On August 4, 2016, her 88-year-old father, Theodore, was driving down the Florida Turnpike when he was rear-ended by a hit-and-run driver.
“My dad lived for five months, suffered for five months. Broke his neck, back, all his ribs. He was on a feeding tube. I really thought he was going to get better. Prayed he was going to get better,” she said.
Seeing her father suffering like that, she made it her mission to find the driver and hold him accountable. Jacqueline started calling the Florida Highway Patrol trooper investigating the case daily, pushing for information.
“He started looking through films from the exits and found the truck with the damaged from the end,” Jacqueline told FOX 35 News. But the trooper told her he needed more, he needed that actual emblem from the driver’s silver truck. “I took it upon myself went out there, walked up the ramp, went past where my dad hit the guardrail and there was the Ford emblem and part of my dad’s window,” she said.
Then they got lucky. She says the driver, James Stonic, filed a claim, telling his insurance company that he was the victim of a hit-and-run crash.

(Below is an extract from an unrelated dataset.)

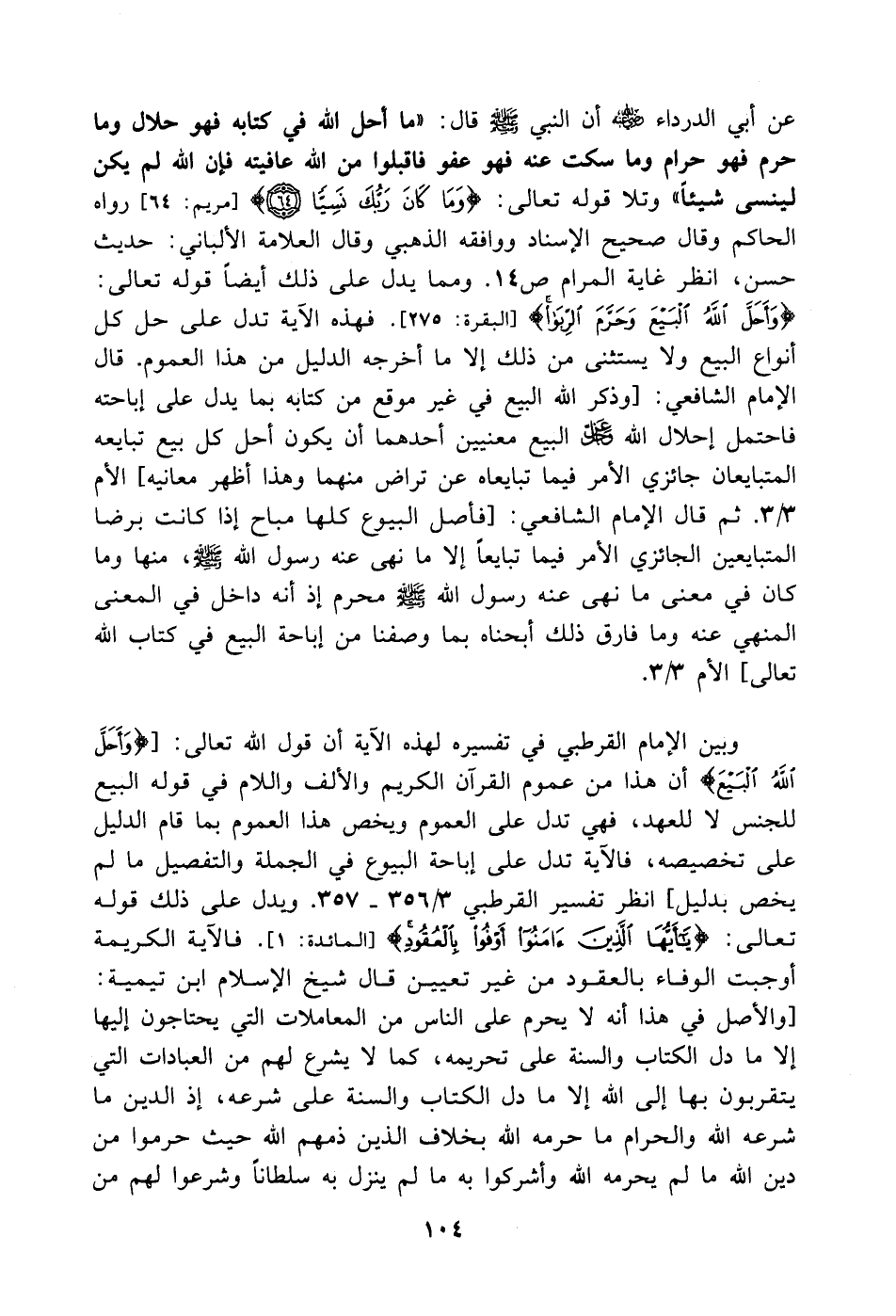 عن أبي الدرداء - رضي الله عنه - أن النبي - صَلَّى اللهُ عَلَيْهِ وَسَلَّمَ - قال: (ما أحل الله في كتابه فهو حلال وما حرم فهو حرام وما سكت عنه فهو عفو فاقبلوا من الله عافيته فإن الله لم يكن لينسى شيئاً وتلا قوله تعالى: (وَمَا كَانَ رَبُّكَ نَسِيًّا) سورة مريم الآية 64) رواه الحاكم وقال صحيح الإسناد ووافقه الذهبي وقال العلامة الألباني حديث حسن، انظر غاية المرام ص14. ومما يدل على ذلك أيضاً قوله تعالى: {وَأَحَلَّ اللَّهُ الْبَيْعَ وَحَرَّمَ الرِّبَا} سورة البقرة الآية 275. فهذه الآية تدل على حل كل أنواع البيع ولا يستثنى من ذلك إلا ما أخرجه الدليل من هذا

“The guy that hit him waited 18 days. He had his uncle drive him to Ocala. Hitch hiked to Kentucky and called from Kentucky to say his truck was hit in his uncle’s yard,” Jacqueline explained. “How he nailed himself to being in the vehicle was saying He never gave his keys to anybody. Nobody ever drove his truck.”

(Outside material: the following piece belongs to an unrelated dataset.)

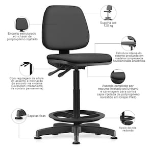 Com regulagem de altura do assento e inclinação do encosto via sistema Revolution (mecanismo de contato permanente).

With all that, troopers were able to arrest Stonic. A few months January 1, 2017, Theodore died from the injuries he suffered in the crash. Troopers upped the charges against Stonic to vehicular homicide.
Finally Tuesday, Jacqueline got what she’s worked so hard for. Her day in court.
“One-thousand, two-hundred and thirty-eight days later. A lot of continuances. Four attorneys, he’s been through. It’s been a long road,” she said.
She told prosecutors she’d be okay with a plea deal. When they asked what she would recommend for a sentence, “I said five years. One month for every month my dad suffered.”
Stonic accepted the deal, giving her closure.
"I pursued it. I did it for my dad. I know he’s looking down,” Stonic said.
She knows her dad would be proud of her for all she did for him.
“I was told as I left the court yesterday if I didn’t do it, it would have been put in a drawer. Cause hit and runs are not gone after,” Jacqueline said.
On top of the five-year prison sentence, Stonic will be on parole for 15 years when he gets out of prison.